The January Australian Open still remains shrouded in uncertainty. Although the leaked e-mail from the organizers indicated that unvaccinated tennis players could also take part in the inaugural grand slam of the season under certain conditions, the subsequent statement by the Prime Minister of the State of Victoria returned to zero tolerance.
There are, of course, many tennis professionals who have a rather negative attitude towards coronavirus vaccination, but the greatest attention is logically focused on the world number one. Serbs to Novak Djokovic.
The 20-time Grand Slam champion in Melbourne could make another attempt to beat Roger Federer with Rafael Nadal.
An act that would probably definitely catapult him to a pedestal for the best player in history, but he probably won’t be able to do it without vaccination. At such a verdict, at least at this moment, the carousel of speculations about the set rules at the beginning of next year came to a halt.
“Without vaccination, you won’t get to the US, most parts of Europe, many Asian destinations. You just won’t get a visa. Why should it be different here?” emphasizes Daniel Andrews, Prime Minister of the State of Victoria.
“There’s nothing to add. If you want to come here, you have to have two doses. Everyone who goes to see tennis will be vaccinated, all staff will be vaccinated. It’s logical that if you want to be any part of the tournament, you have to do this. , “rejects any double standards and extinguishes the hope that the leaked mail ignited on players refusing to be vaccinated on Monday.
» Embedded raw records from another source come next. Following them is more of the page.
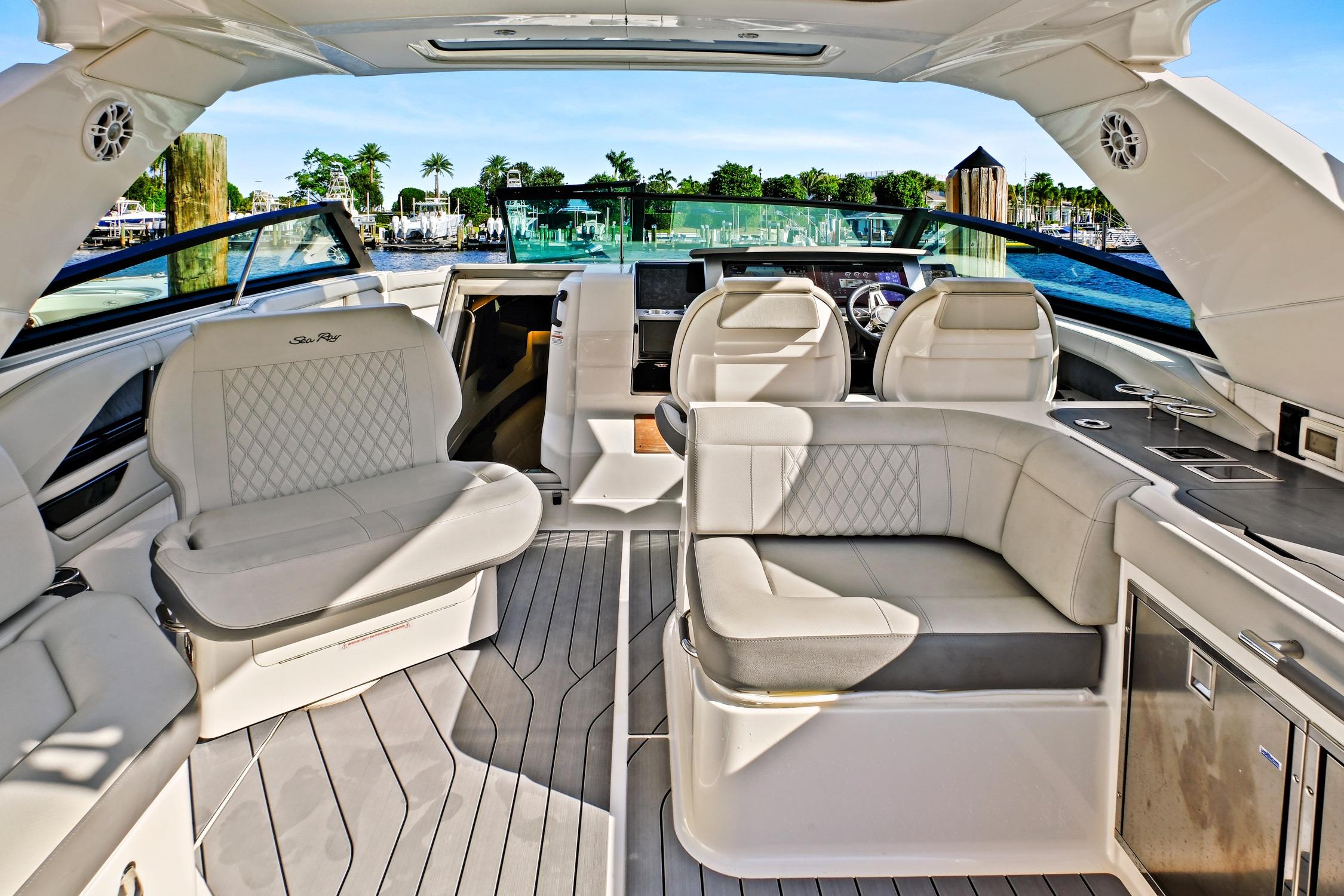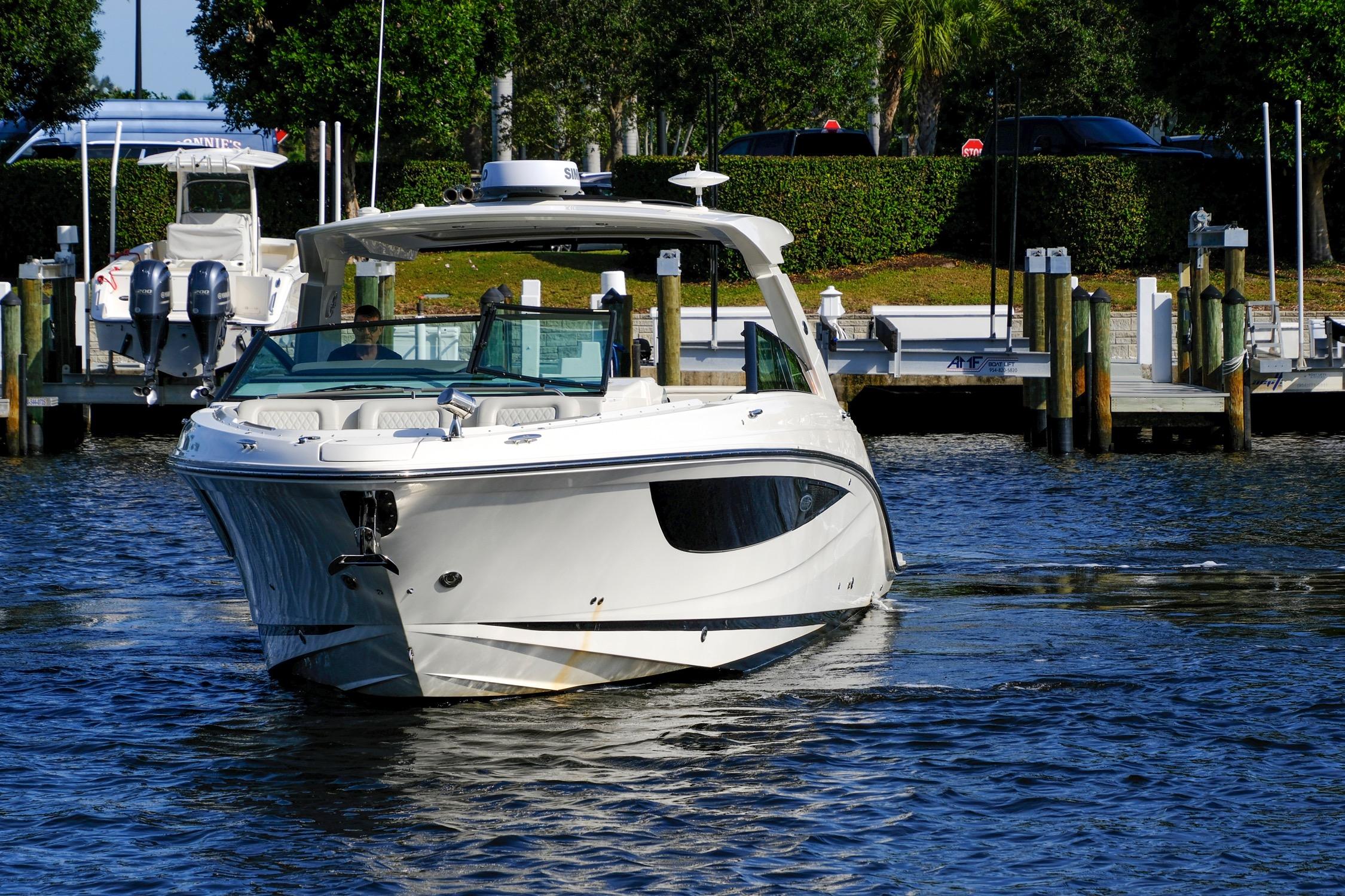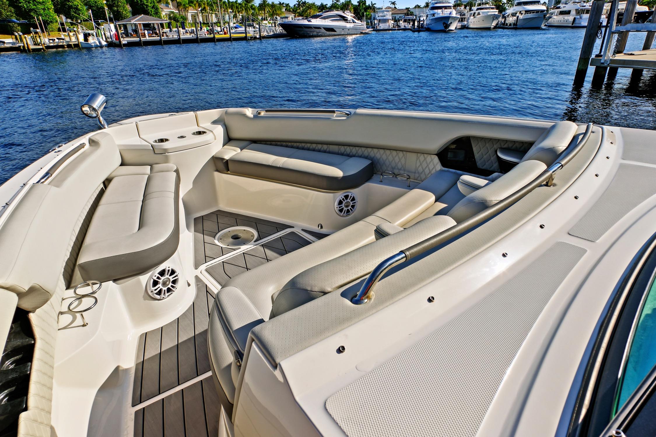 Since new, she has been stored at Marina One Yachting Center, one of South Florida’s premier facilities. She’s powered by upgraded MerCruiser 430HP stern-drive engines that have been diligently flushed and serviced after every use.
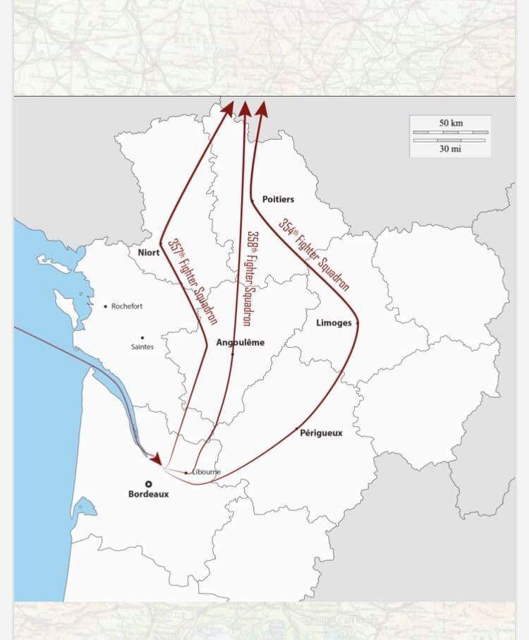 On June 7, 1944, activity remained just as intense as the previous day for all the American fighter pilots who were once again departing for two consecutive missions in one day. Lieutenant Colonel Raymond B. Myers led the 358th Fighter Squadron, Lieutenant Colonel Clairborne H. Kinnard Jr. was assigned to the 354th Fighter Squadron, and Captain Carl C. Colson was in charge of the 357th Squadron. David A. Donovan was on the Yellow Patrol. The three squadrons flew in separate areas from morning until early afternoon. The 358th Fighter Squadron's objective was to bomb targets in the vicinity of the town of Évreux, near Rouen, a mission that lasted from 05:05 to 08:00. Nearly thirty-five bombs were dropped. The American pilots, including David, mainly machine-gunned the roads of this sector, obviously keeping a lookout for any trucks, but also for all the positions that could contain German soldiers. Intense firepower from Flak guns was encountered over the yard in the town of Evreux, but all the aircraft managed to return safely to Steeple Morden Air Force Base. Nevertheless, June 7, 1944 was a dark day for the 355th Fighter Group, which recorded the loss of six pilots in the various squadrons.
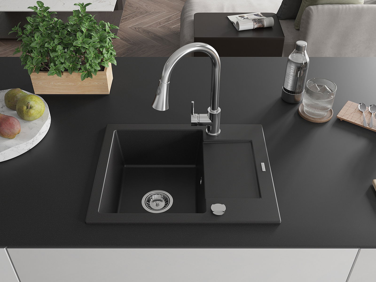 The sink is made of high quality granite. It is an elegant and, above all, practical complement to every kitchen, regardless of its style. High quality and granite durability ensure many years of use.
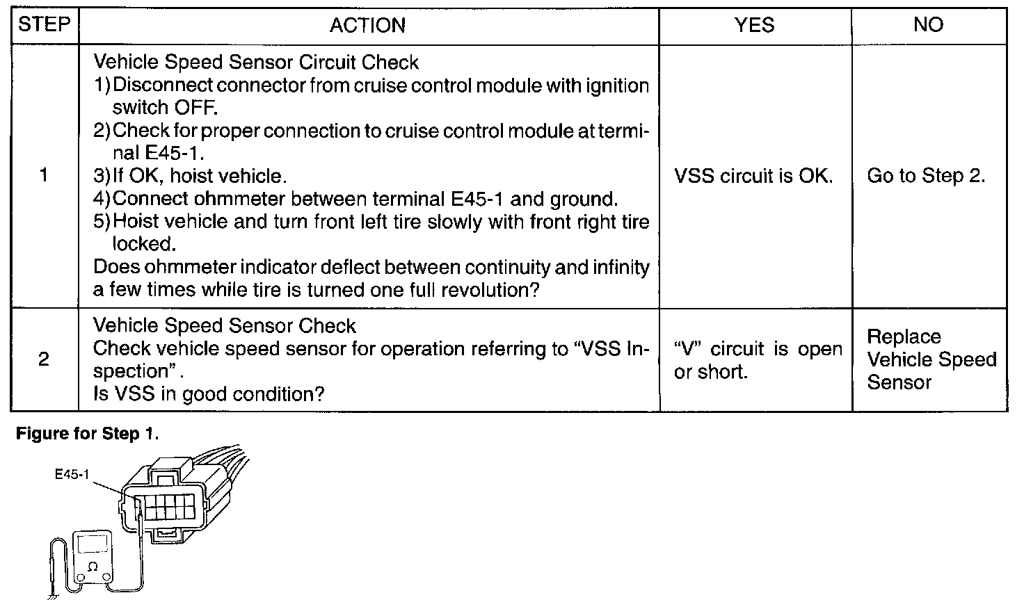 Vehicle Speed Sensor/Transducer - Cruise Control: Testing and Inspection

In it, the organizers indicated to the tennis players that they were intensively devising a way to ensure their participation as well. Specifically, they mentioned the possibility of strict fortnightly quarantine at the hotel. Andrews’ statement, however, returns the whole matter back to zero tolerance and no exceptions.
Djokovic, meanwhile, laments the current mood in society in the Serbian media and continues to refuse to reveal how he will ultimately decide on vaccination.
“There is only fear and panic about covid. And I don’t want to be a part of it. I feel like everyone is strict, hostile about vaccinations. I don’t want to be part of this dirt,” the champion said in an interview with Blic.
“Whether or not I get vaccinated is a private matter. And whatever I say on this subject, my answer will be distorted as it suits whom. Whatever I say will condemn me,” he adds.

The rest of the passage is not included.